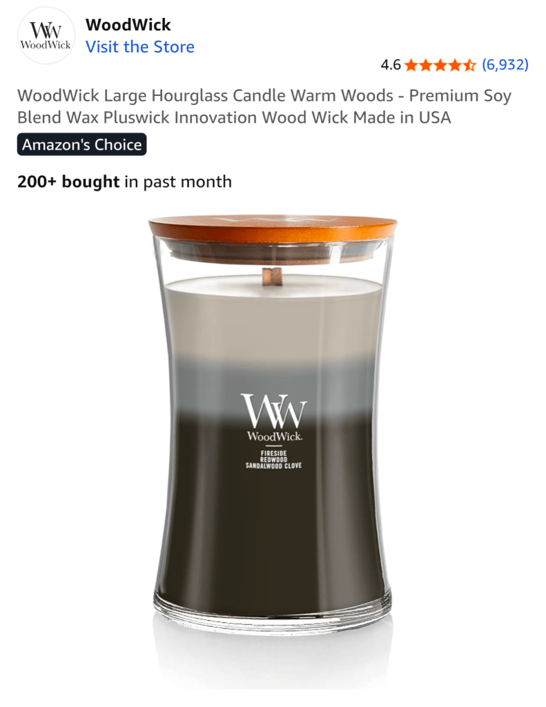 Crackling wood-wick hourglass candle โ Sound and scent together create instant calm.
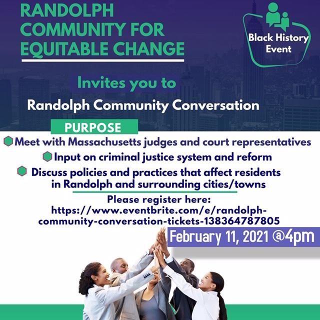 Please join the discussion on Feb. 11 at 4 PM, by registering in advance at the link shown in the flyer. https://www.eventbrite.com/e/randolph-community-conversation-tickets-138364787805
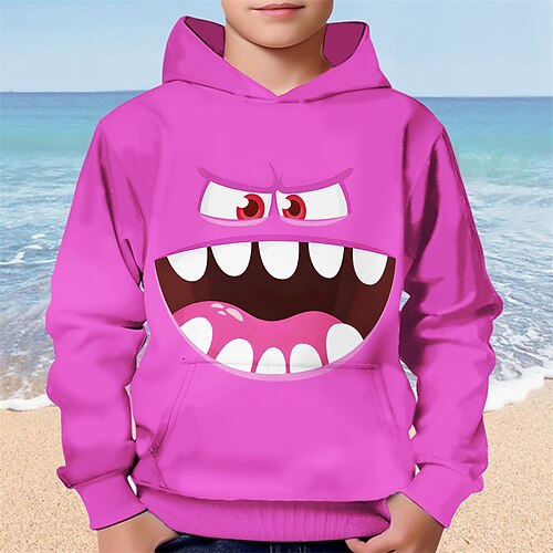 Jungen Cartoon Lustiges Lächeln Gesicht Hoodie Langarm 3D Druck Herbst Winter Mode Streetwear Kinder 4-12 Jahre Mit Kapuze Outdoor Casual Täglich Normale Passform
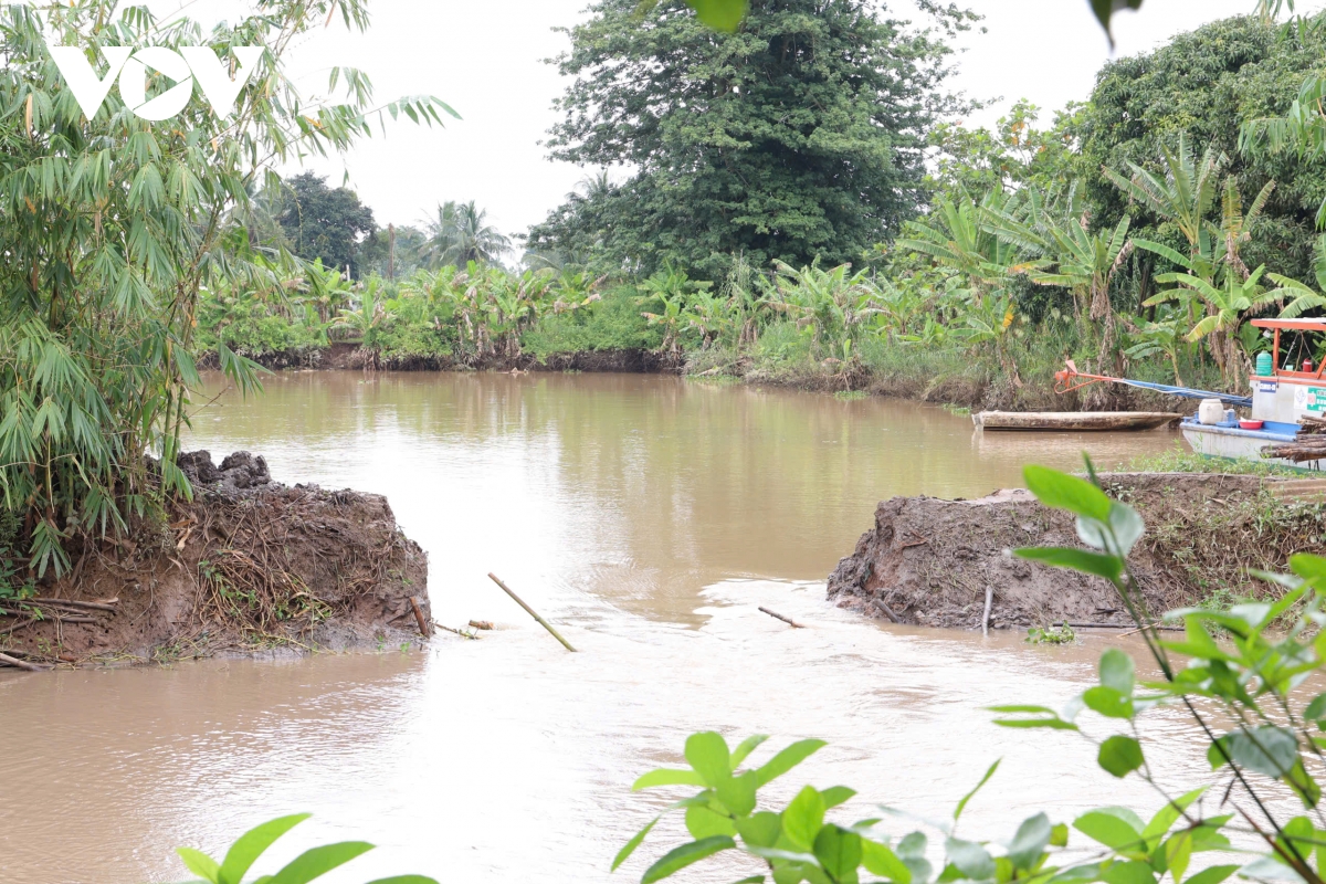 Triều cường dâng cao đã làm một đoạn đê bao ở Cồn Sơn (phường Bình Thủy) bị vỡ.
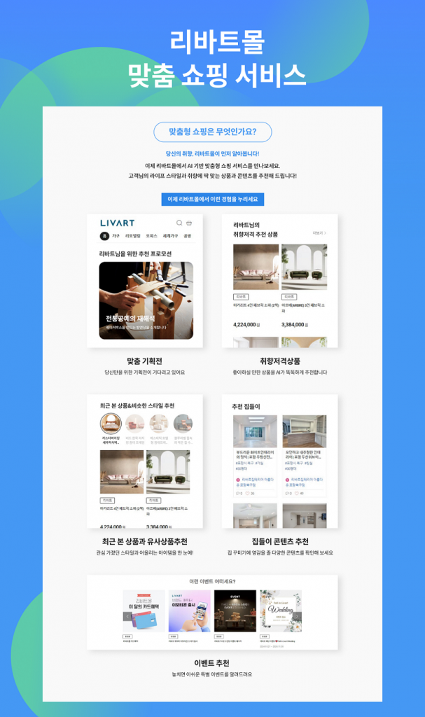 고객이 몰에서 관심 공간, 선호 인테리어 스타일, 선호 가구 색상, 가족 구성, 공간 크기 등 다섯 가지 문항에 답하면 AI가 해당 답변과 고객의 리바트몰에서의 구매 및 검색 이력을 분석한 후, 사용자 취향에 맞을 것으로 예상되는 제품이나 프로모션을 제안한다.

▸ **Your objective**
Every line above in the stretch from the one with "Please join the" through the one with "Jungen Cartoon Lustiges" is to be transcribed exactly, ends included. No picture is copied.

▸ **Response area**
 Please join the discussion on Feb. 11 at 4 PM, by registering in advance at the link shown in the flyer. https://www.eventbrite.com/e/randolph-community-conversation-tickets-138364787805
 Jungen Cartoon Lustiges Lächeln Gesicht Hoodie Langarm 3D Druck Herbst Winter Mode Streetwear Kinder 4-12 Jahre Mit Kapuze Outdoor Casual Täglich Normale Passform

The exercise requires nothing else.